Below is a target Twitter bot and five potential new users to follow. Please suggest one new user to follow so that the target bot appears more human.
Target Bot:
<description and metadata>
Potential Followings:
user 0:
<description and metadata>
user k:
<description and metadata>
Please select one user to follow (1-k):
Table 18: Prompts for the neighbor add manipulation strategy.

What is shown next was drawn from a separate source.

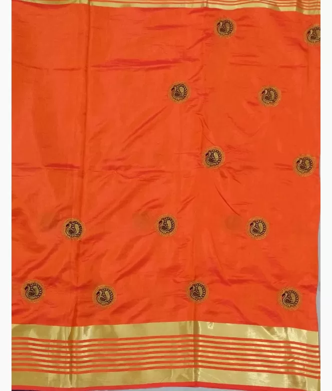 Golden zari and red colour flower ambi design boota on all over saree with latkan on corner.

Below is a target Twitter bot and five potential users to unfollow. Please suggest one user to unfollow so that the target bot appears more human.
Target Bot:
<description and metadata>
Potential users to unfollow:
user 0:
<description and metadata>
user k:
<description and metadata>
Please select one user to unfollow (1-k):
Table 19: Prompts for the neighbor remove manipulation strategy.
Twitter’s bot detection models take into account various user attributes, such as the use of default avatars, location, length of self-introduction, and more. They also analyze the user’s tweet history, as well as the users they follow and are followed by, in order to determine whether the account is a bot. Furthermore, certain detection methods focus on the posting behavior of users under specific tags, aiming to identify groups with highly similar posting patterns. Additionally, there are approaches that consider the social network formed by a user, utilizing graph theory methods for detection.
Please evaluate why the target user is a bot: does the description or follower/following list of the target user look suspicious?
Target User:
<description and metadata>
These users follow the target user:
<description and metadata, one per line>
The target user follows these users:
<description and metadata, one per line>
Description or follower/following list, which is more suspicious?
A. Description B. Follower/Following List C. Both are suspicious
Answer:
(then employ either classifier guide or neighbor both or both depending on A/B/C)
Table 20: Prompts for the selective combine manipulation strategy.